Но сейчас националистическая, а не буржуазная вспышка. Это результат 1990-х годов, в 1980-е это было подпольным ...

Лично Ельцин никогда не поддерживал националистическую риторику.

И все-таки: как ты считаешь, какая из этих двух тенденций в России возобладает - националистическая или социалистическая?

Социалистическая возобладать вряд ли может, потому что она сейчас является оппозиционной...

Я тоже не думаю, что социалистическая риторика возьмет власть, но она может возобладать как комильфо, как истеблишмент, она может возобладать, как образ приличного человека.

В принципе это может произойти, но сейчас я такого не вижу. Если только власть настолько возьмет на вооружение националистическую риторику, что интеллигенции ничего не останется, как этому противостоять. И возможно, для интеллигенции это было бы позитивно.

А как ты лично относишься к этой перспективе - укрепления, усиления культурной легитимации космополитической левизны?

Мне кажется, это было бы нормальным процессом.

Это нормально или это хорошо?

Мне кажется, что это было бы хорошо. Потому что этот дискурс вообще здесь мало известен, он не прожит. . .

А опыт коммунизма не считается опытом переживания левизны?

Уже на памяти нашего поколения, то есть начиная с 1970-х годов, вся страна была антикоммунической, никаких искренне верующих коммунистов не существовало в принципе. Быть коммунистом было невозможно, неприлично и смешно. Все ощущали себя жертвами, все считали, что выбор был сделан за них и что от них ничего не зависит, тем более что из страны трудно было уехать. И это было очень удобно. В результате левая перспектива не была прожита хотя бы даже как гипотеза, и теперь представления о левом сильно мифологизированы. Опыта 1968 года у нас не было - как раз в этот момент, а не в период тоталитаризма наша страна безнадежно отстала от мирового хода общественной мысли. И сейчас Россия категорически отказывается от осмысления советского опыта.

В отношении к левизне меня более всего занимает вот что: чем являются левые, западные симпатии - желанием быть нормальным, просвещенным западным человеком или желанием социальной справедливости?

Когда мы говорим о левизне, я не очень уверена, что мы имеем в виду одно и то же. Если говорить о левом активизме, то это маргинальное явление и будет продолжать оставаться маргинальным. Если понимать левое, как похвалу коммунизму и социализму, то это тоже устарело.

Нет. Квинтэссенция левого - это требование социальной справедливости и распределительных мер.

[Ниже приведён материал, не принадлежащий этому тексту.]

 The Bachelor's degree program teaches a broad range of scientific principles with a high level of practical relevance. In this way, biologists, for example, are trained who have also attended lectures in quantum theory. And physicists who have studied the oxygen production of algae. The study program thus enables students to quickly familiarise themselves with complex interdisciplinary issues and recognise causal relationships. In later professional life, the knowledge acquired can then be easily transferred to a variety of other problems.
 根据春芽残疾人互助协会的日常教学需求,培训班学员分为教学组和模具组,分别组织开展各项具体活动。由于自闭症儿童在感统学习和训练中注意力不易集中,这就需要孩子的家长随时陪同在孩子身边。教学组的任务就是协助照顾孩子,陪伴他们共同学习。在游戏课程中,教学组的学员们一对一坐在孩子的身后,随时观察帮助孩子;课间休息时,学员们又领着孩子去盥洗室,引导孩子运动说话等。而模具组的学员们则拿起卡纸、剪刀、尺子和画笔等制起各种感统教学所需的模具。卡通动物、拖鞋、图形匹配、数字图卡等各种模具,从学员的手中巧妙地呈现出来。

Интеллектуал занимается не распределением, а выработкой отношения. И чего здесь безусловно не хватает - так это критики капитализма. Ее-то и можно было бы весьма условно назвать левым дискурсом. Россия все еще видит свою задачу в построении капитализма, меж тем мы живем уже давно не только в России, а в глобальной реальности, в которой капитализм, безусловно, победил.

Но в этой глобальной реальности социализма больше, чем в России.

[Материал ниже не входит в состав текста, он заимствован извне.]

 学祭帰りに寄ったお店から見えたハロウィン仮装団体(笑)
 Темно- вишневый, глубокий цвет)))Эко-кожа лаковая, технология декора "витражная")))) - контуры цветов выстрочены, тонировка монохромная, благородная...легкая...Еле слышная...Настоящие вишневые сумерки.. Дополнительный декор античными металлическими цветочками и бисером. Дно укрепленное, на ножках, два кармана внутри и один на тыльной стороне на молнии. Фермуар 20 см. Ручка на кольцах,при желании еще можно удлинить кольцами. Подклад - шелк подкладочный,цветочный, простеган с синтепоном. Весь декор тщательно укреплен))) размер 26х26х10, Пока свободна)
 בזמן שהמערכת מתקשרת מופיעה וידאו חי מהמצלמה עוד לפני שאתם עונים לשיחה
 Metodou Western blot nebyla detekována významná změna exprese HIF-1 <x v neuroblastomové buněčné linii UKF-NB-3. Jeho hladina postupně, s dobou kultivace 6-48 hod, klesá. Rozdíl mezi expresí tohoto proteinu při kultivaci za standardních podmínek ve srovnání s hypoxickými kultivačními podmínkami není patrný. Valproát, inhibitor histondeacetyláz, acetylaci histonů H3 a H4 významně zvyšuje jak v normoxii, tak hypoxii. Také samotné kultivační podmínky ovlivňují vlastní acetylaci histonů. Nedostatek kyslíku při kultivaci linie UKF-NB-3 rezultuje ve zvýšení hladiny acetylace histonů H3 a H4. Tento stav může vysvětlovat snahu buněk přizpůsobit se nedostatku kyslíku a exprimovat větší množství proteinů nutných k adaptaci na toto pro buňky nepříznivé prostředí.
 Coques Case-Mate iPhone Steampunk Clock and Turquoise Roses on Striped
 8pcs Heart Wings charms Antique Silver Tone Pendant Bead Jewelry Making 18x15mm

О.К., тогда мы можем говорить не о критике капитализма, а о критике статуса-кво. Мы можем спорить о том, что это - капитализм или социализм, но это глобальная экономика, управляемая транснациональными корпорациями, и в эту систему Россия включена, а какого-либо осмысленного отношения к этому я не вижу. Вот в этом я бы видела задачу левой мысли, а не в реальном решении вопроса, кто должен получать пенсии. Про это я ничего не знаю и не могу взять на себя ответственность решать этот вопрос.

Для меня это принципиальнейшая вещь. У меня совершенно определенное историческое понимание левизны, как требования общего призрения со стороны государства во имя уравнения, распределения и справедливости.

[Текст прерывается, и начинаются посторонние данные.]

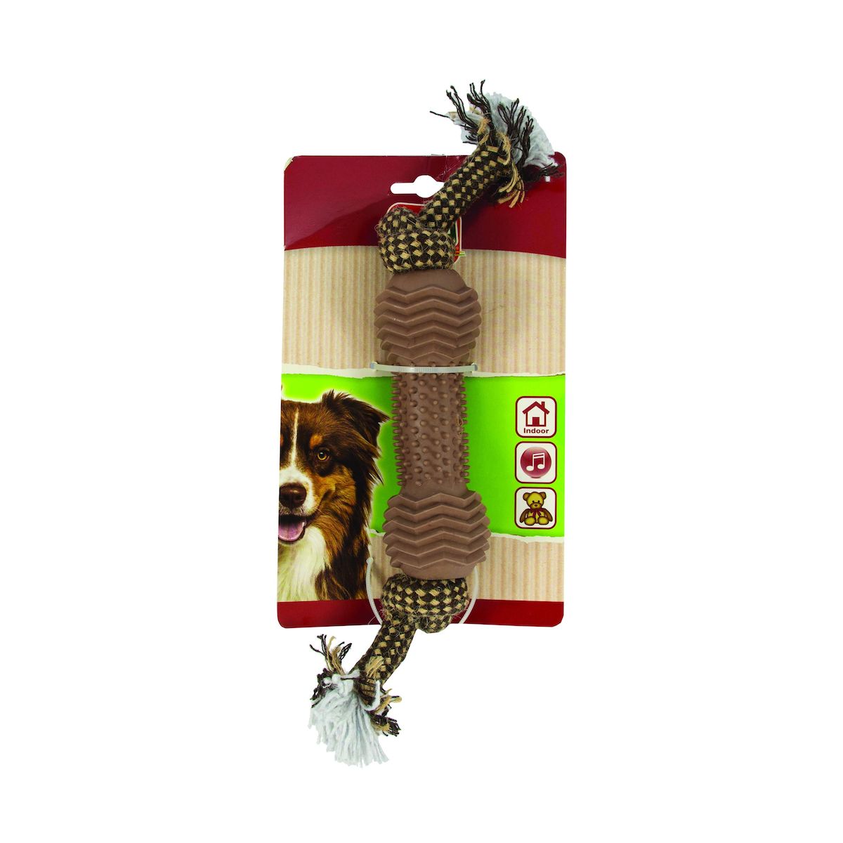 Cette haltère en caoutchouc accompagnée d’une corde permettra au chien de libérer son surplus d’énergie et de partager des moments de complicité avec son maitre
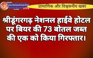 श्रीडूंगरगढ़ लाइव न्यूज़ 12 अक्टूबर 2024 पुलिस द्वारा अवैध शराब को लेकर चलाए गए ऑपरेशन तहत एक होटल से भारी...
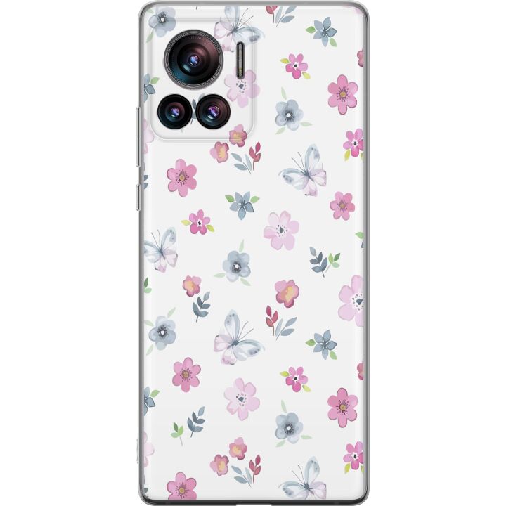 Ett genomskinligt mobilskal för Edge 30 Ultra med ett trendigt Blommor och fjärillar tryck på baksidan. Skalet har en perfekt passform som skyddar din telefon mot repor, damm och smuts samtidigt som designen gör mobilen mer personlig.
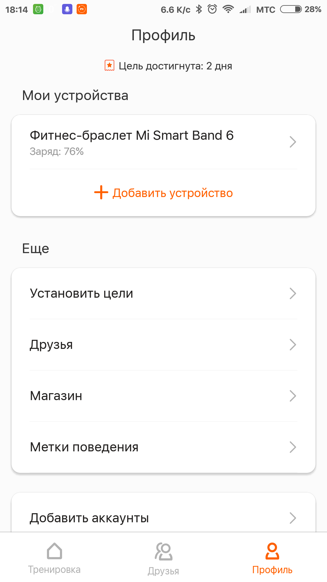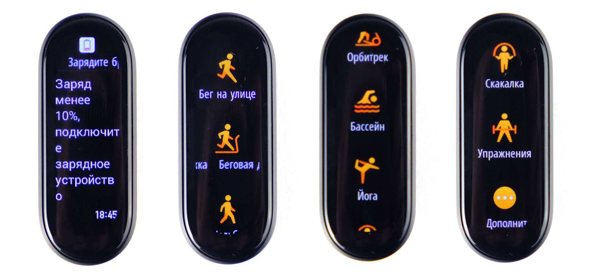 - Увеличено количество режимов для автоматического определения и отслеживания. В Mi Band 5 были доступны только два режима — ходьба и бег, а в Mi Band 6 добавлены еще несколько видов — орбитрек, велосипед, гребной тренажер.
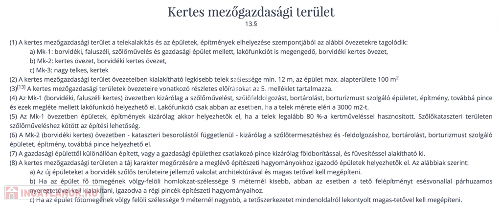 a) Mk-1: borvidéki, faluszéli, szőlőművelés és gazdasági épület mellett, lakófunkciót is megengedő, borvidéki kertes övezet,
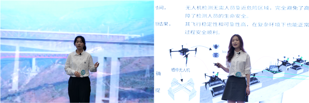 决赛现场,20位选手大显身手,各展风采。有的以悉尼海港大桥为例,揭秘跨越数年的力学奇迹;有的拿出精心制作的模型道具,阐释智能建造中3D打印技术如何赋能未来人居……在主题多样、特色鲜明的展示中,选手们思路清晰,用生动风趣的语言深入浅出地讲解知识点的原理、应用及优势,展现出智能建造与智能运维的科技魅力。
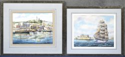 #215‘Een driemaster onder zeil’ & ‘Vissersloepen in de haven’, twee aquarelen. Getekend en gedateerd.
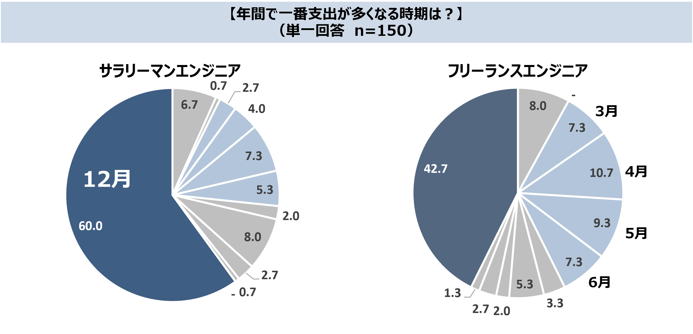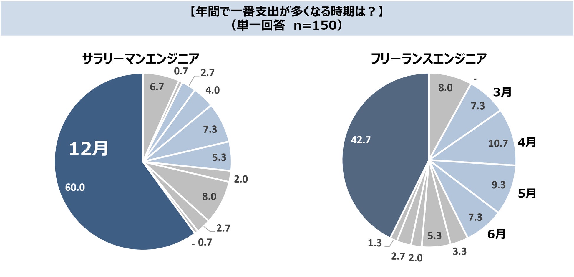 一方、サラリーマンエンジニアと比較してフリーランスエンジニアは“税金”の支払いにより3~5月の支出も多い傾向に。
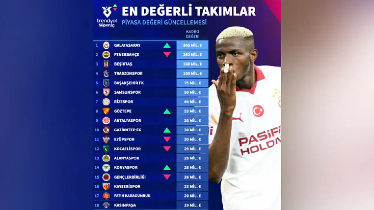 Trendyol Süper Lig ekiplerinin kadro piyasa değerleri güncellendi. Son verilere göre Galatasaray, 305 milyon avroluk kadro değeriyle ligin en değerli takımı oldu.
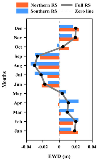 In brief, a significant seasonally reversing EW difference pattern exists in the Red Sea. The average annual cycle of EW difference for the northern, southern, and whole basin of the Red Sea is shown in Figure 8. On average, the eastern side is higher than the western side from November to March and vice versa from June to September (Figure 8), indicating that the eastern side has a higher sea level for a period twice as long (8 months) as the western side (4 months).
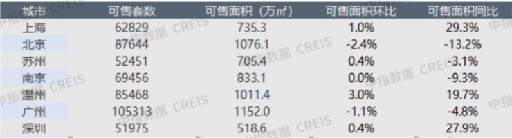 上周(1月15日-21日),中指研究院监测的7个代表城市整体库存环比略涨0.05%。其中,一线城市,上海、深圳库存环比均略有上涨,涨幅分别为1%、0.4%;北京、广州下跌,跌幅分别为2.4%、1.1%。二线城市中,温州、苏州库存环比上涨。

Нет, я не могу под этим подписаться. Левые в культурном смысле вообще не решают эти вопросы.

А что решают левые в художественной практике?

Совершают художественные жесты в зоне критического отношения к глобалистскому статусу-кво.

Возьмем твою, теперь главную, историю русского искусства ХХ века1. Тебе ли мне говорить, что весь русский авангард - левый, именно в социалистическом смысле, да еще в самом людоедском социалистическом смысле.

В идее справедливости и товарищества я не вижу никакого людоедства, даже если она потом потерпела крах или если лично нам с тобой выгоднее другая, более конкурентная и более индивидуалистическая система. Кроме того, Татлин или Родченко не решали вопрос, кому что распределять.

Они вырабатывали санкцию для распределительного механизма.

У них не было власти это решать.

Они вырабатывали идеи, они сопереживали этому.

Хорошо, мы можем это расценивать как радикально левое искусство, которое в такой форме, мне кажется, не существует уже нигде.

Какие самые крупные художественные фигуры были в 1990-е годы в России? И какие из них остались? Перешли через грань?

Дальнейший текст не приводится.